Who's the Daddy (Crescent Cove 3)
Page 62
Not yours.
Seth stood on the back stoop, but he didn’t say a word as I passed. His eyes averted to the floor.
Blindly, I swung the door open and headed through the house, then out the front door and down the stairs to the sidewalk.
Return the car. Go home.
Go home where you should have been this whole fucking time.
I didn’t even remember the ride home, or backing into the bay at J&T’s. It was all a haze. Hell, I didn’t even know if the car had made the damn squeak that my customer had complained about.
The only thought in my fucking brain was Kelsey.
I was tangled up over a woman again, though Kelsey sometimes seemed more like a sweet younger girl in so many ways.
I’d fucked the holy hell out of her twice. But someone else had too.
And I didn’t even know why that pissed me off so much. I wasn’t that guy. Judgmental like the people in this goddamn town? Nope. That wasn’t me. And yet, my fingers were welded to the steering wheel and I was still staring at the wall of tools sightlessly.
I pounded the dash and got out. Anger sprang out of my pores like noxious gas. I needed to get rid of this before picking up my kid.
How?
Pound it out into Kelsey.
No.
No, that definitely wasn’t happening. Why I was in trouble in the first place. My dick didn’t know how to stay in my pants when I was near her. Even now, the thought of her long legs wrapped around me had me half hard.
And the baby…
The anger swelled in my head and chest. I grabbed the long crowbar and stalked to the back door of the garage and out into the back loading area where stacks of tires waited for recycling.

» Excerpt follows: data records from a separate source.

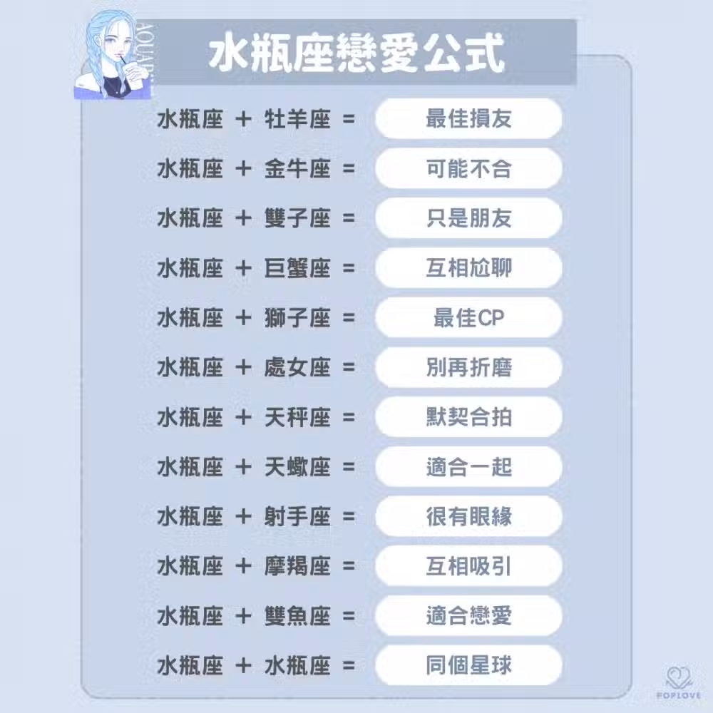一般人其實很難get到水瓶的想法,但是兩個水瓶搭配在一起就是個很神奇的組合,交往之後意外發現兩人的思維都很跳,剛好對方也跟得上還挺有默契的。
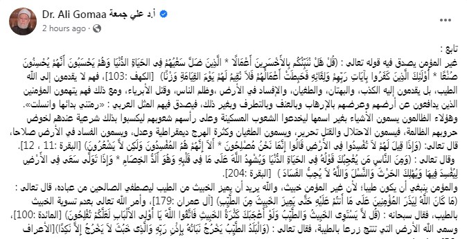 وقال الدكتور علي جمعة، في وصفه لغير المؤمنين بالله: "فهم لا يقدمون إلى الله الطيب، بل يقدمون إليه الكذب، والبهتان، والطغيان، والإفساد في الأرض، وظلم الناس، وقتل الأبرياء، ومع ذلك فهم يتهمون المؤمنين الذين يدافعون عن أرضهم وعرضهم بالإرهاب وبالعنف وبالتطرف وبغير ذلك، فيصدق فيهم المثل العربي: «رمتني بدائها وانسلت».
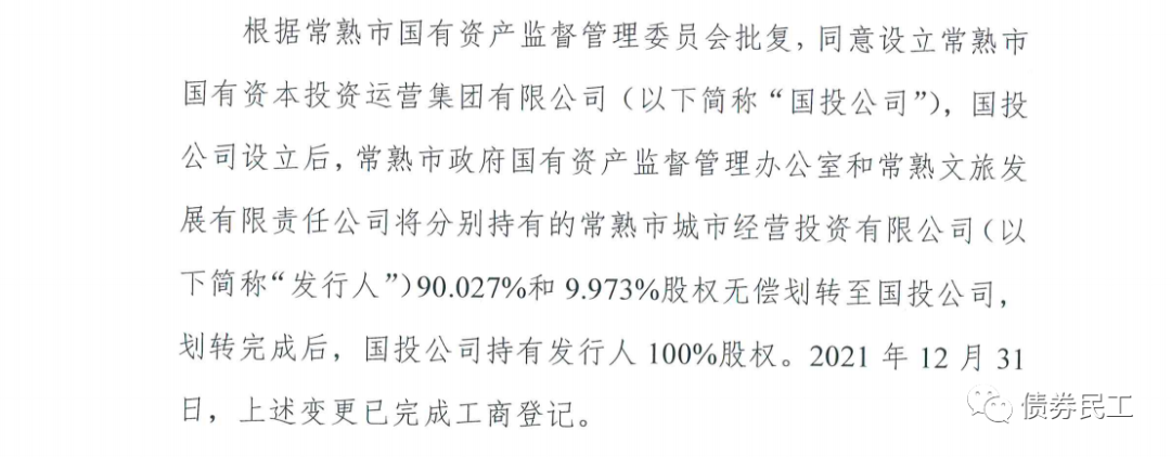 12、根據(jù)常熟市城市經(jīng)營(yíng)投資有限公司(主體信用等級(jí)AA+)2022年1月4日的公告,公司的股東變更為常熟市國(guó)有資本投資運(yùn)營(yíng)集團(tuán)有限公司。常熟市國(guó)有資本投資運(yùn)營(yíng)集團(tuán)有限公司未發(fā)行過(guò)債券。
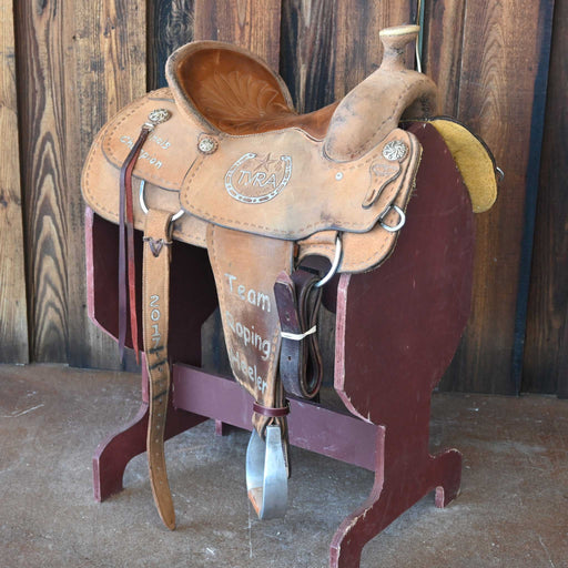 View full details15" USED RYON'S MARK HURLEY TEAM ROPING SADDLE
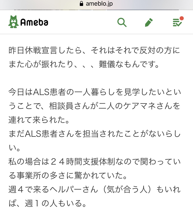 On August 28 2018 in blog post entitled. ‘ALS patients living alone-visit’, Hayashi talks about the difficulties organizing care and finding an apartment that the owner will rent to her ”

I swung at the largest stack of truck tires. The satisfying bounce back emptied the noise out of my head. I slammed into the stack until the reverberations in my biceps and triceps left me tingling and numb. My hand burned and my wrist sang with each blow. Sweat coated my shoulders and arms.
Finally, my hand gave way to the punishment and the crowbar clattered to the blacktop. I dropped to my knees and growled through heaving breaths until the spots dancing in my vision cleared.

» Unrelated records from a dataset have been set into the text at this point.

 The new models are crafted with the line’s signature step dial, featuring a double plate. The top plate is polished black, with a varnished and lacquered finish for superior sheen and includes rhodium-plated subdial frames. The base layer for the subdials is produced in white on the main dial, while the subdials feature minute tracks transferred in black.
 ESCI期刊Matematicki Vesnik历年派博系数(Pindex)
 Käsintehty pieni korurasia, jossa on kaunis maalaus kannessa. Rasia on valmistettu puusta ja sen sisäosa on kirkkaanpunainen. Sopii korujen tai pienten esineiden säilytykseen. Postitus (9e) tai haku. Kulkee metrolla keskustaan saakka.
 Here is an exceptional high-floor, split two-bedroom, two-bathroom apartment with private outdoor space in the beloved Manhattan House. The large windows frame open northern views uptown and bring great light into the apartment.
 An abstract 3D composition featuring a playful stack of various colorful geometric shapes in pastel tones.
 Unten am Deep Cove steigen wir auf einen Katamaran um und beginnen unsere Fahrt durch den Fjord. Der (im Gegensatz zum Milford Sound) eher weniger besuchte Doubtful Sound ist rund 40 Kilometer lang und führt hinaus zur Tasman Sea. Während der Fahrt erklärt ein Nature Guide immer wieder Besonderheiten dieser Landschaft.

The golden setting sun off the water speared down the alleyway chased by shadows and the cloying scent of burnt rubber and oil. A steadying scent. My life was connected to this garage.
Once upon a time, I’d wanted to own my own garage and pit crew, but now I liked being able to walk away each night. Sure, I had overtime coming out my ass lately, but it was because I asked for it. Because it helped me catch up when the cascade of shit came down on me from the fixer upper I’d bought when Wes was born.

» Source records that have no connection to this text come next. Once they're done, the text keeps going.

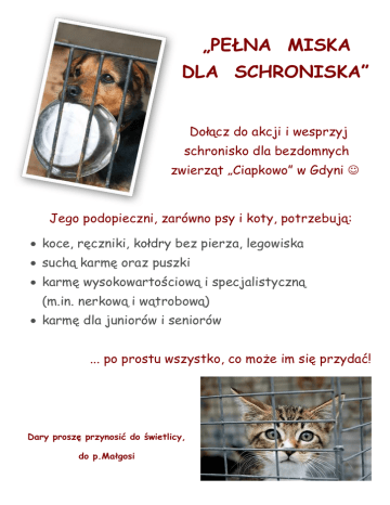 „PEŁNA MISKA DLA SCHRONISKA” Dołącz do akcji i wesprzyj schronisko dla bezdomnych zwierząt „Ciapkowo” w Gdyni Jego podopieczni, zarówno psy i koty, potrzebują: koce, ręczniki, kołdry bez pierza, legowiska suchą karmę oraz puszki karmę wysokowartościową i specjalistyczną (m.in. nerkową i wątrobową) karmę dla juniorów i seniorów ... po prostu wszystko, co może im się przydać! Dary proszę przynosić do świetlicy, do p.Małgosi
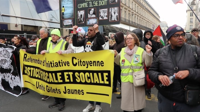 Omuzlarında Filistin bayrağı taşıyan gösterici Catherine Lassure ise, sarı yeleklilerin, Macron iktidarına ve bu iktidarın "topluma zararlı politikalarına" karşı protesto düzenlediklerini söyledi.
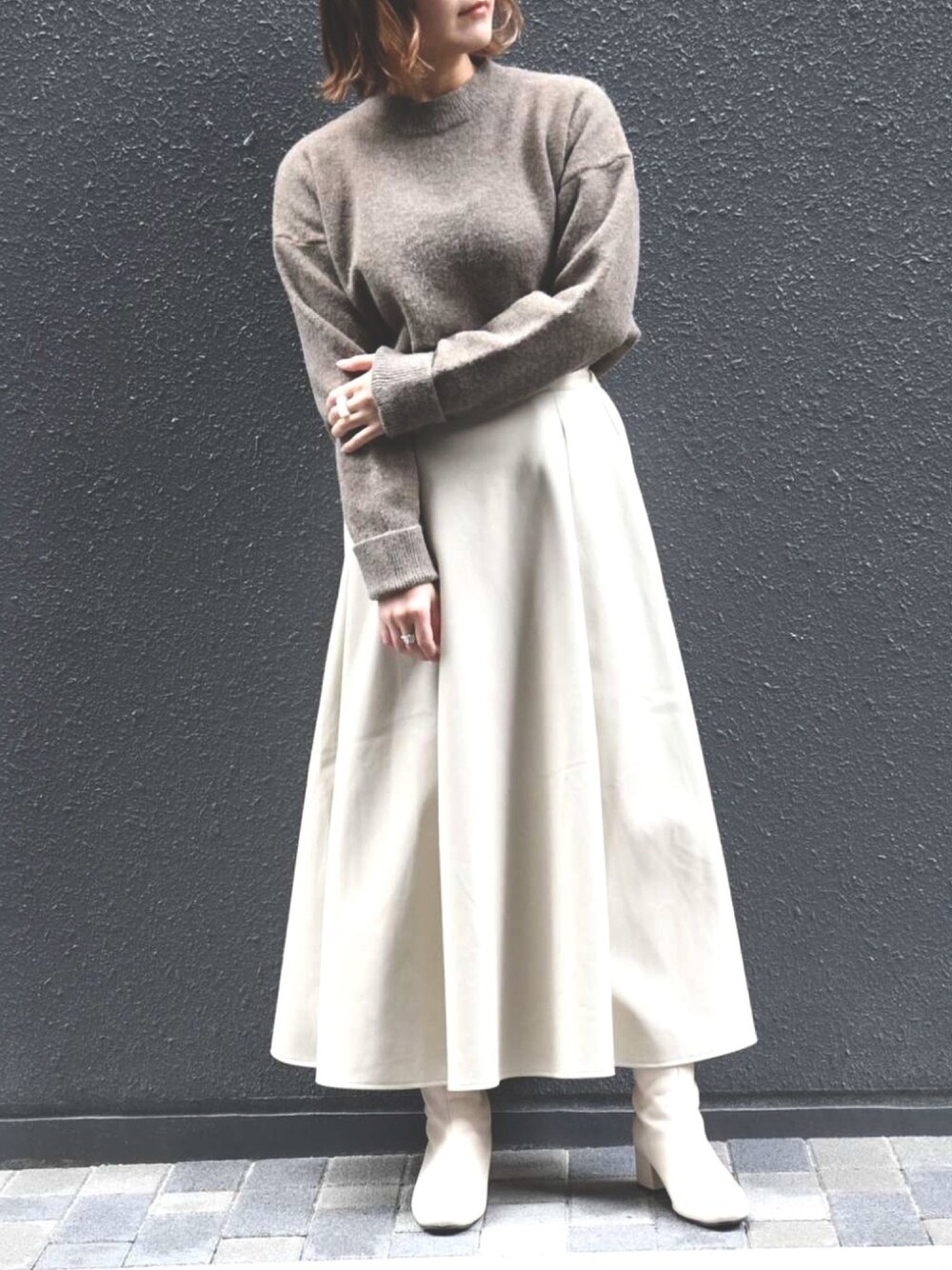 manaのスカート「フェイクレザーロングフレアスカート」を使ったコーディネート
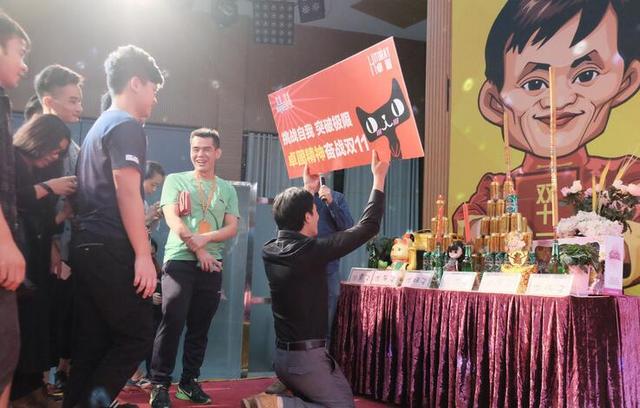 11月10日晚,當(dāng)網(wǎng)友好奇觀看橫空出世的“雙11”晚會時,在廣州市番禺區(qū)電子商業(yè)園區(qū),電商們正在舉辦雙十一加油大會,擺供品、請按摩師為員工們按摩……然后,延續(xù)去年的傳統(tǒng)——排隊拜馬云。與時俱進的是,今年畫像上還增加了一個人,剛剛迎娶奶茶妹妹的京東創(chuàng)始人劉強東。

Wes, who had been my entire world for the last seven years. Even beyond Katherine and her endless unhappiness, there had always been one good thing in my life.
And maybe part of me wanted more.
You could have more.
I shut my eyes against the thought and forced myself to stand. I went back inside and washed up at the large basin on the far wall of the garage. I checked my phone, swiping away the messages from Kelsey.
I couldn’t go back there right now. The wild anger was too close to the fringes of my brain. Instead, I texted my mom to let her know I was on my way.
Dinner with my kid. That was what I needed to focus on, not Kelsey Ford and her huge brown eyes.
The horror in her expression when she’d shouted that the baby might not be mine was forever burned on my retinas. Horror that she had to have a man like me in her life forever? Or horror that it might not be mine?
I didn’t know.
Yeah, I didn’t have it in me for questions like that right now.